• [What to produce]
Exactly the lines below starting at the line with "Built-In 2.6 ft" and ending at the line with "The Danae floral" are wanted, with both ends included. Leave out the pictures and add no other lines.

** Data records follows **

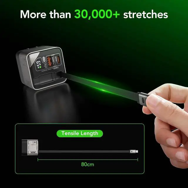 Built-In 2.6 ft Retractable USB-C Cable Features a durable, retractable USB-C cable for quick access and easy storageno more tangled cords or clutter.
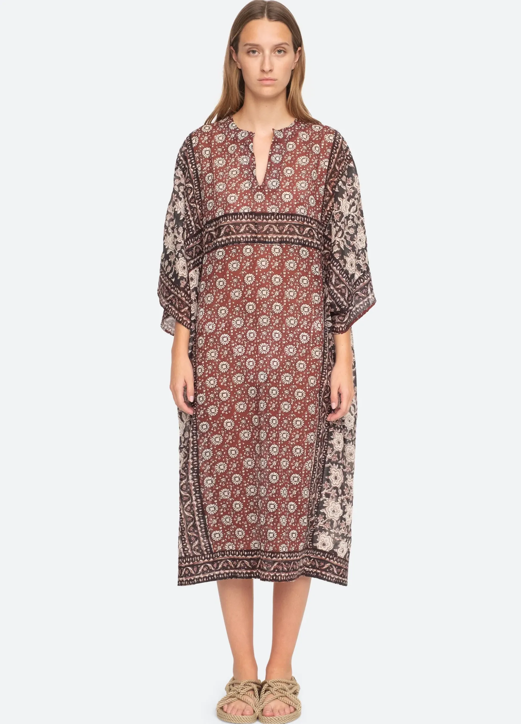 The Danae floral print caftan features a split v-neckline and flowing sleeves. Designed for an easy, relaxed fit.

** End of Data records **
** Data records follows **

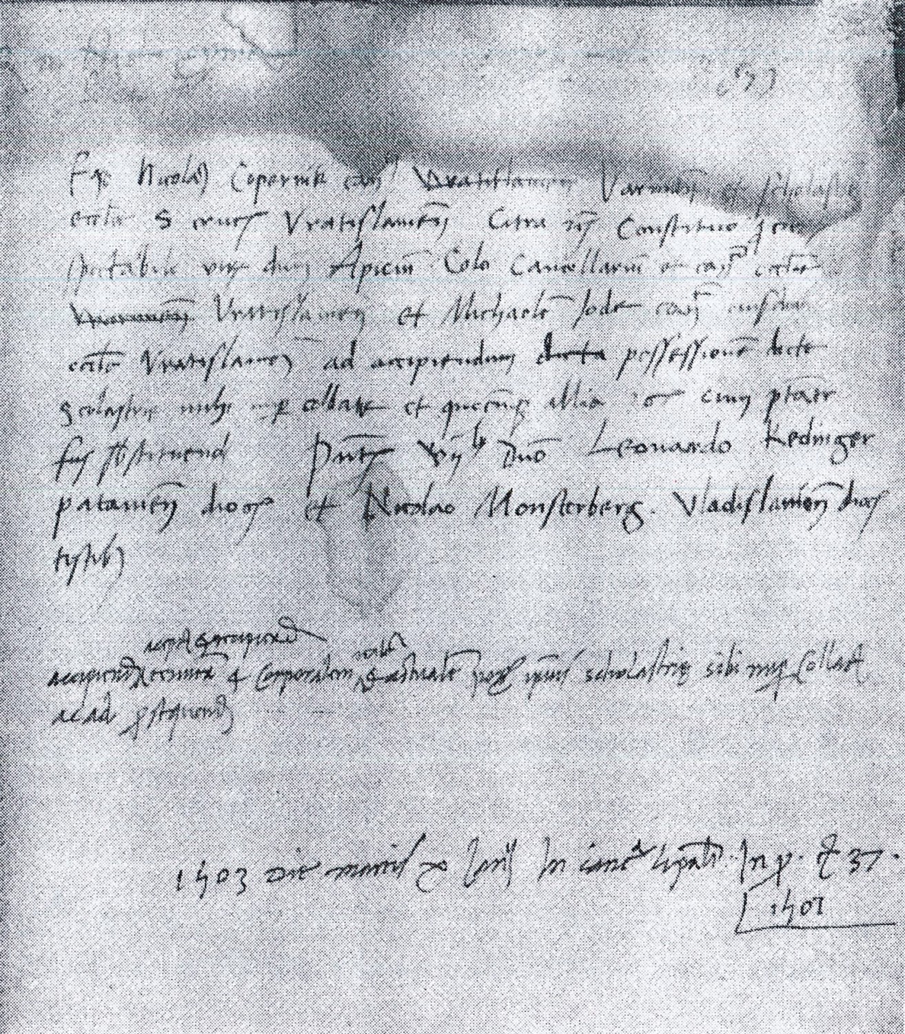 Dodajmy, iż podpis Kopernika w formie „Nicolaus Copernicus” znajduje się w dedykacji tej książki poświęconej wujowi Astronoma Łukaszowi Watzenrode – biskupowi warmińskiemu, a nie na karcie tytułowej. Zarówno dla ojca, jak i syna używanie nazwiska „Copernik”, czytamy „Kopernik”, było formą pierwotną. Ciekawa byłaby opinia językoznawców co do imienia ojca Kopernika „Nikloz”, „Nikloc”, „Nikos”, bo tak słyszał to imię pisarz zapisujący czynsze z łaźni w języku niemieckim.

** End of Data records **

• [Solution below]
 Built-In 2.6 ft Retractable USB-C Cable Features a durable, retractable USB-C cable for quick access and easy storageno more tangled cords or clutter.
 The Danae floral print caftan features a split v-neckline and flowing sleeves. Designed for an easy, relaxed fit.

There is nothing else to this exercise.